Eppure, secondo le slide di presentazione reperibili sul sito dell’aeroporto, il potenziale bacino di utenza demografico per l’aeroporto di Ancona è di oltre 3 milioni di persone. Ma allora perché lo scalo è dimesso, i voli sono pochi e per lo più stagionali? Perché l’Emilia Romagna nel giro di 118 chilometri ha 3 aeroporti (Bologna e Rimini attivi e Forlì in fase di riattivazione), con un bacino di poco più di 2 milioni di residenti (contando le province di Bologna, Ravenna, Rimini, Forlì-Cesena)? Perché Ancona da gennaio a novembre 2019 ha avuto 459.431 passeggeri mentre Trieste 727.939? Parliamo di due regioni simili dal punto di vista degli abitanti (noi abbiamo circa 300.000 residenti più del Friuli), entrambe si affacciano sull’Adriatico, una è attraversata da 4 autostrade diverse (indovinate quale), l’altra da una soltanto. L’aeroporto di Pescara – che soffre certamente per prossimità geografica gli aeroporti della capitale più di quanto non possa Falconara – ha accolto 654.888 passeggeri. Sono sedotto anche io dal sex appeal dell’arrosticino, ma da maceratese mi dispiace che le gioie orgasmiche del ciauscolo rimangano poco conosciute.

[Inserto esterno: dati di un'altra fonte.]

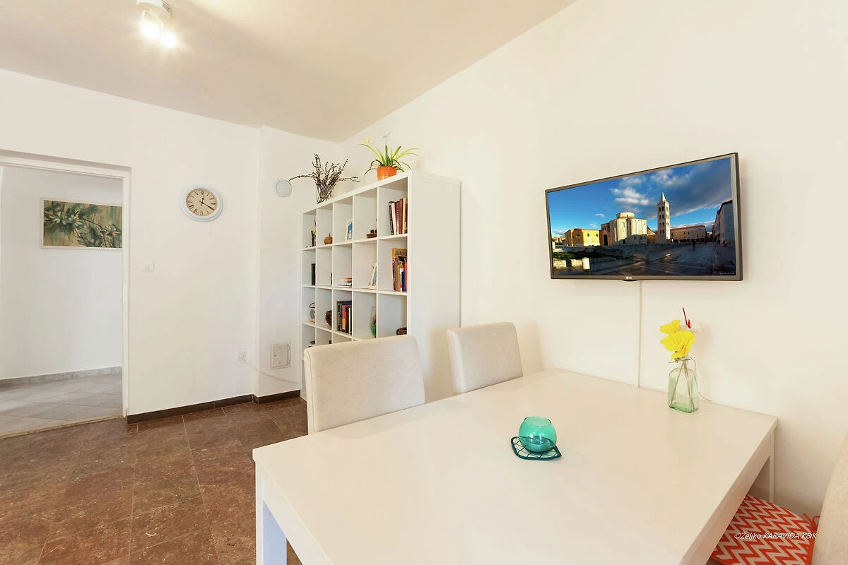 Dit appartement voor vier personen ligt op slechts 250 meter van het strand en biedt een ontspannende vakantie met gratis wifi en moderne voorzieningen. Gelegen op 2,5 km van het bruisende centrum van Zadar, kunnen gasten historische bezienswaardigheden, een bruisend nachtleven en een schilderachtig uitzicht op de kust verkennen. Met restaurants, dagelijkse benodigdheden en openbaar vervoer binnen 200 meter is gemak gegarandeerd.
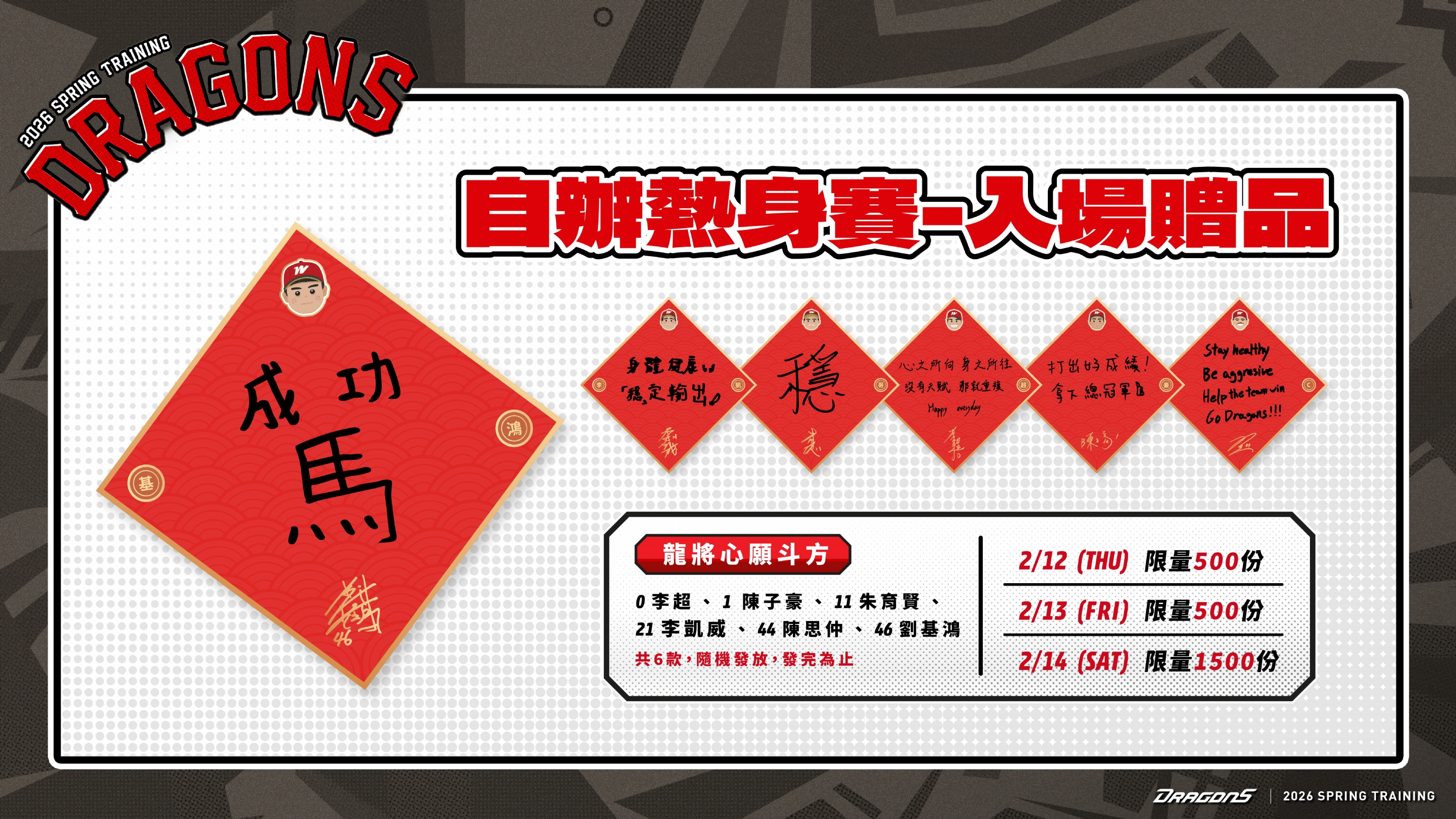 春節前場次(2/12-2/14)將發放「龍將心願斗方」共6款,包含李超、陳子豪、朱育賢、李凱威、陳思仲、劉基鴻款式。

TUTTI IN TRENO, SU UN’ALTA VELOCITA’ CHE NON CI SARA’ MAI E SU LINEE PROGETTATE DALLO STATO DELLA CHIESA – Va bene, spostarsi in auto non è molto agevole, in aereo possiamo visitare mezza Germania oppure un po’ di Europa dell’est ma anche lì non siamo fortunatissimi: però almeno c’è il treno.
Nelle Marche ed in Umbria, RFI ha all’incirca gli stessi chilometri di linee ferroviarie in esercizio. Abbiamo più o meno gli stessi viaggiatori al giorno, gli umbri hanno 18 km in meno di doppi binari praticamente la totalità della loro rete è elettrificata. Nelle Marche il 69% dei binari è elettrificato (cari Molise ed Abruzzo, ne avete di strada da fare!). Solo che, anche sommando i passeggeri che quotidianamente viaggiano in treno nelle suddette regioni, arriviamo al 61% di quelli che, quotidianamente, scelgono il treno per spostarsi nelle Marche.
Di nuovo il Friuli-Venezia Giulia (per il quale sto provando una certa invidia infrastruttural-logistica), regione con meno abitanti di noi orgogliosi marchigiani, ha più strade ferrate, più doppi binari (uguale meno tempo ad aspettare che l’altra littorina passi, per evitare un antipatico e spiacevole frontale) e più elettrificazione (meno inquinamento). Hanno anche 5 stazioni tra gold e platinum, una ogni 243.000 abitanti (una stazione Platinum è quella con tutti i servizi possibili e immaginabili. Una gold è una stazione che ha comunque una alta densità di frequentazione e nelle Marche sono Ancona e Pesaro. Una stazione silver è Civitanova o Macerata. Una bronze può non aver alcun servizio come biglietteria, servizi igienici o altro. Sono esempi quella di Macerata Fontescodella o quella dell’aeroporto di Ancona-Castelferretti, tanto per far capire a chi arriva com’è l’antifona).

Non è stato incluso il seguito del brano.